**Recorded information**
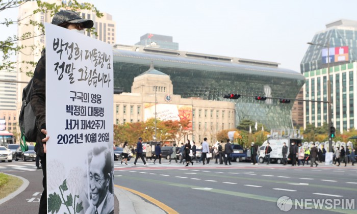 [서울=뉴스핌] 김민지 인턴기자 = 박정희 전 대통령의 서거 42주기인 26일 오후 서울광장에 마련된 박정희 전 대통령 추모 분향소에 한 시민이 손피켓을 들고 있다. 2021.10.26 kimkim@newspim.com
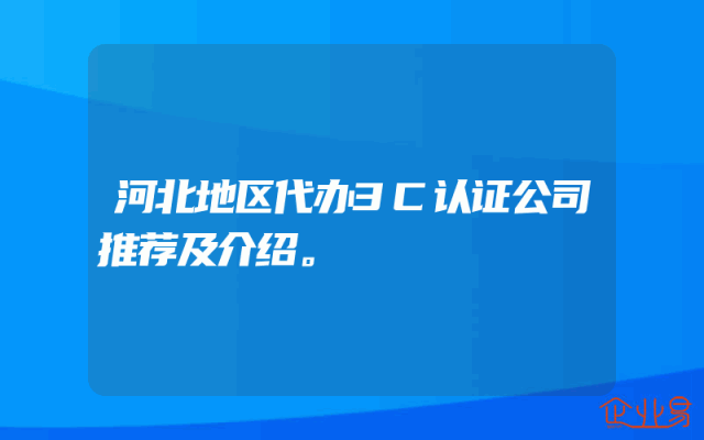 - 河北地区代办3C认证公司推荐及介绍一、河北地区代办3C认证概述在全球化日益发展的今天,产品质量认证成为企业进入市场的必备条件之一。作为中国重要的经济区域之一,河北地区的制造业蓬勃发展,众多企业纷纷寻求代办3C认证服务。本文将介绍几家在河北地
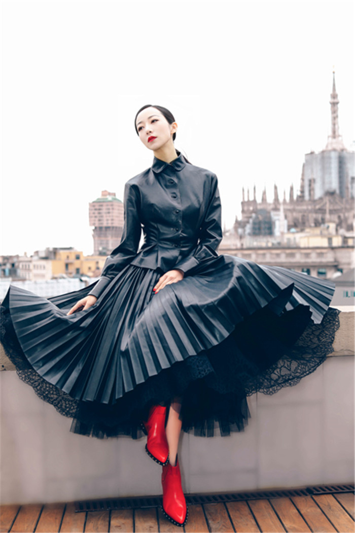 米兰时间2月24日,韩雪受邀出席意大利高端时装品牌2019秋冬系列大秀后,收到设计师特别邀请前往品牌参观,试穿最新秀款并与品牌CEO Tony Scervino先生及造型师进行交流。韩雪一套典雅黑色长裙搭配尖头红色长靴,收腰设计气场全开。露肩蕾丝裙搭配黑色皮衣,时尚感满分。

* * *

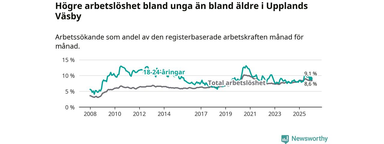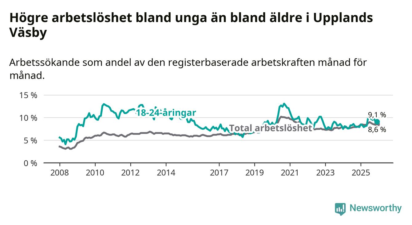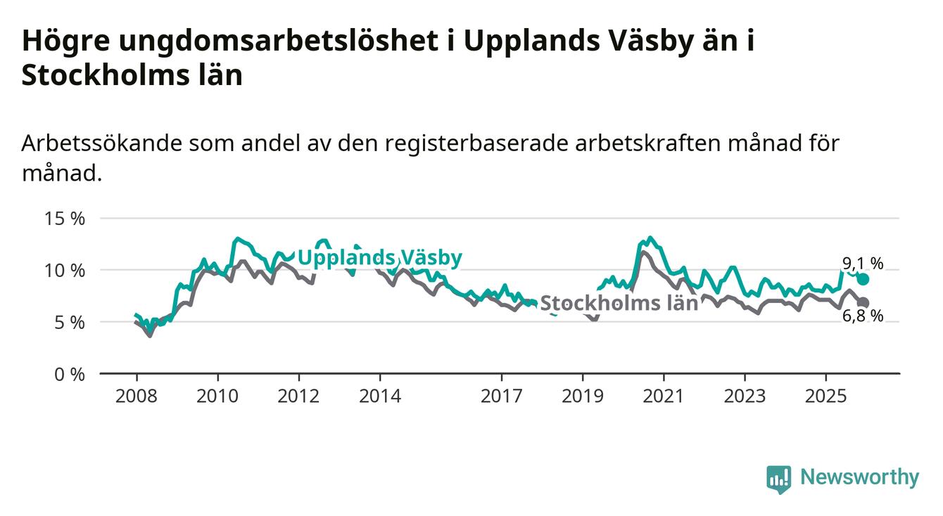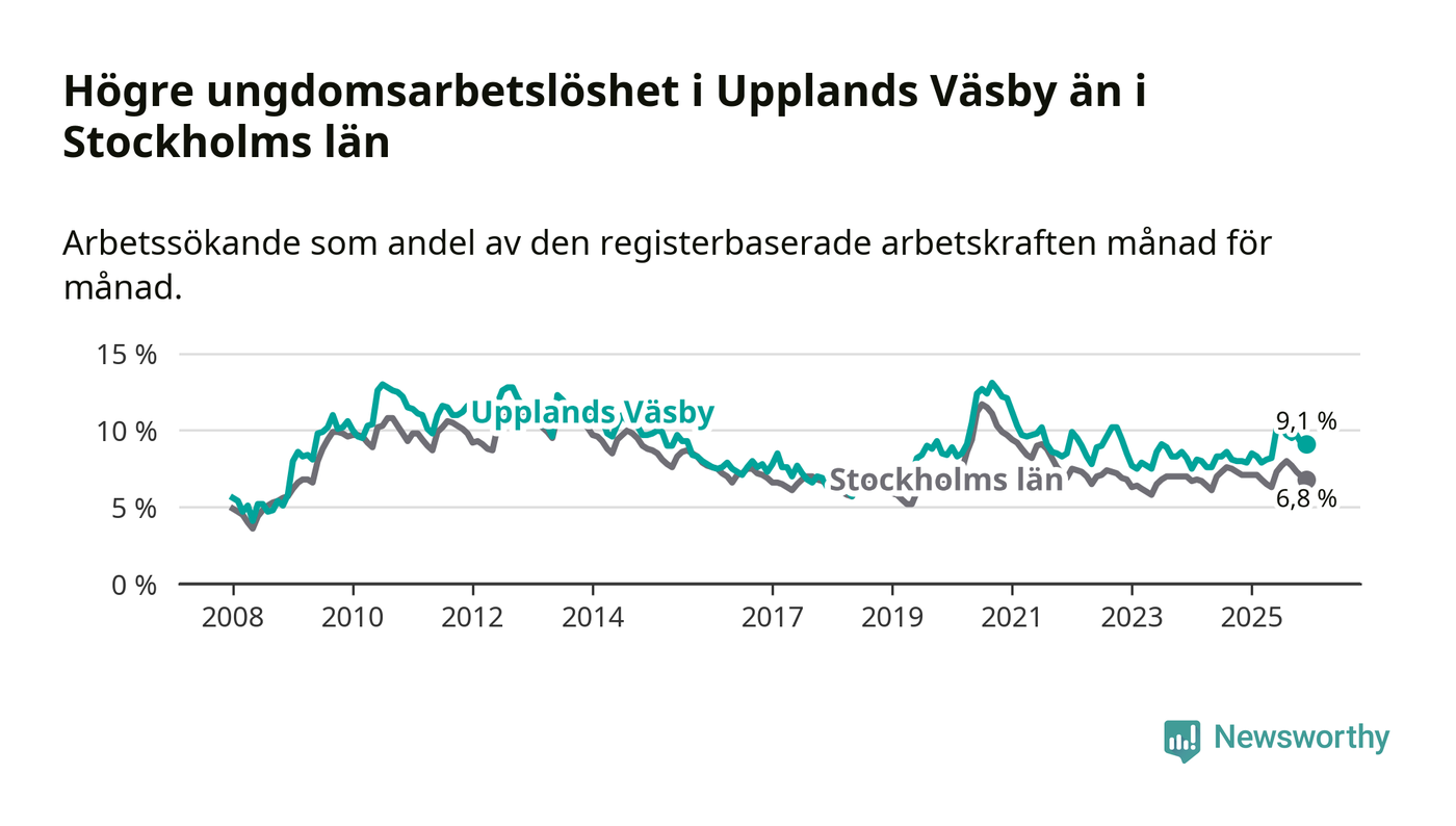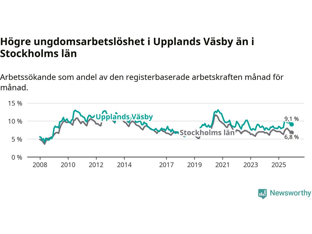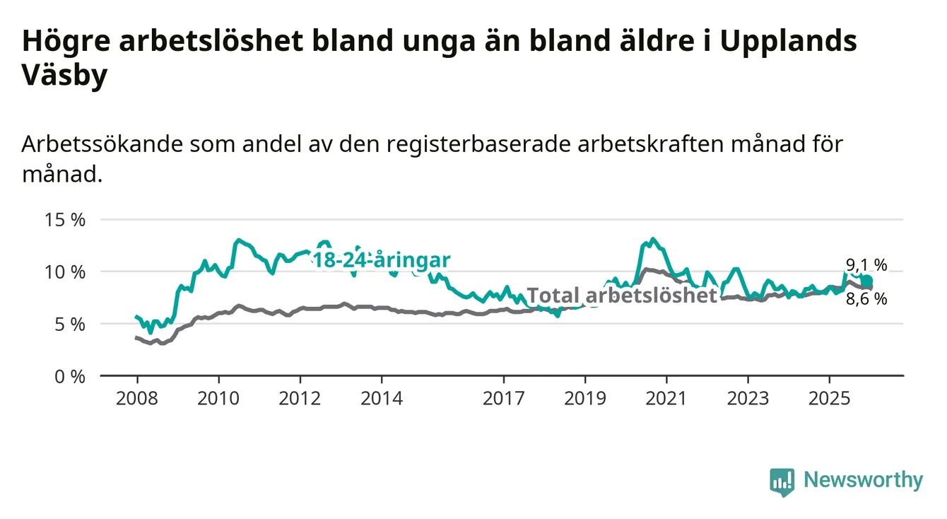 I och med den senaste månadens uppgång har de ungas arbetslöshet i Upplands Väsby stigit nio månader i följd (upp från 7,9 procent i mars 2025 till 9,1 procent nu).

**What you will do**
Going by the data above, give back only the lines from the one containing "[서울=뉴스핌] 김민지 인턴기자" through the one containing "- 河北地区代办3C认证公司", exactly as they stand, both ends included and no images.

**Written solution**
 [서울=뉴스핌] 김민지 인턴기자 = 박정희 전 대통령의 서거 42주기인 26일 오후 서울광장에 마련된 박정희 전 대통령 추모 분향소에 한 시민이 손피켓을 들고 있다. 2021.10.26 kimkim@newspim.com
 - 河北地区代办3C认证公司推荐及介绍一、河北地区代办3C认证概述在全球化日益发展的今天,产品质量认证成为企业进入市场的必备条件之一。作为中国重要的经济区域之一,河北地区的制造业蓬勃发展,众多企业纷纷寻求代办3C认证服务。本文将介绍几家在河北地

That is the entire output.